We expect that this combination can be further improved to enhance the accuracy and resolution of the estimates for the soil moisture and groundwater. Besides the aforementioned satellite-based soil moisture measurements, online measurements of the phreatic groundwater level are also a good source for additional substantive improvements to the OWASIS information product. By making use of the correct assimilation techniques (e.g. an ensemble Kalman filter), the accuracy can also be quantified.
At present, estimates of the current and expected moisture condition are generated on a daily basis. This temporal resolution can be increased by generating expectations several times daily. In particular, this has added value when the weather models are able to accurately predict heavy summer showers. The KNMI is constantly researching this in the context of improving the HARMONIE (HIRLAM ALADIN Research on Mesoscale Operational NWP in Euromed) model.
The combination of a model with satellite data — including weather forecasts — is very powerful because it provides us not only with soil moisture information for NOW, but also about the hydrological conditions of tomorrow, the day after tomorrow, etcetera. Given that OWASIS is a country-wide system, we use this information to create perspectives for action for all water managers in the Netherlands, allowing water boards to better anticipate wet and/or dry conditions within their management area as well as in a more supra-regional context, such as Smart Water Management; in consultation with the surrounding water boards and the Directorate-General for Public Works and Water Management.
The development of OWASIS from a practical idea into a national information product is an example of an innovation envisaged by STOWA with the SAT-WATER programme: the application of information based on satellite data combined with existing knowledge and tools to advance existing water management a step further.

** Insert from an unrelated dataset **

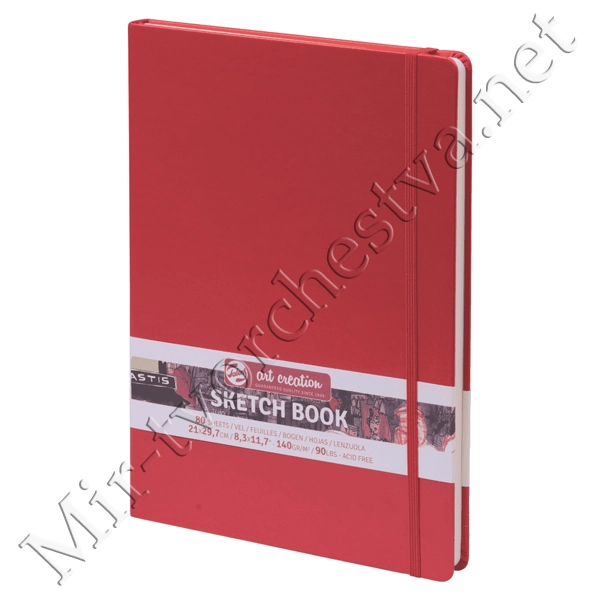 Блокнот для зарисовок 140г/кв.м 21*29.7см 80л твердая обложка красный, Art Creation

A strong, practice-oriented development path was followed in a number of steps and with the financial support of the European Space Agency (ESA).
Nevertheless, the question remains whether an innovation like this will find its way into operational water management. This ‘valorisation’ of OWASIS depends on the added value within the working process of the hydrologist and water level manager when making decisions in the event of water shortages and imminent flooding. The experiences at De Stichtse Rijnlanden Water Board can certainly be called good. Not only was OWASIS used last year to (partially) determine the moment of transition from the summer to the winter level, but OWASIS was also embedded in VIDENTE 0.1, an HDSR BOS (decision-making support) system.
The availability of the input data required for OWASIS is guaranteed via the Water Board Headquarters (Waterschapshuis). The WIWB (wiwb.nl) project and SATDATA 3.0 project regulate the availability of basic, precipitation and evaporation data and weather forecasts, covering the entire country and cross-border, as open data. The Smart Water Management Programme of Directorate-General for Public Works and Water Management and the water boards will provide OWASIS with data for all Dutch water managers as from this summer.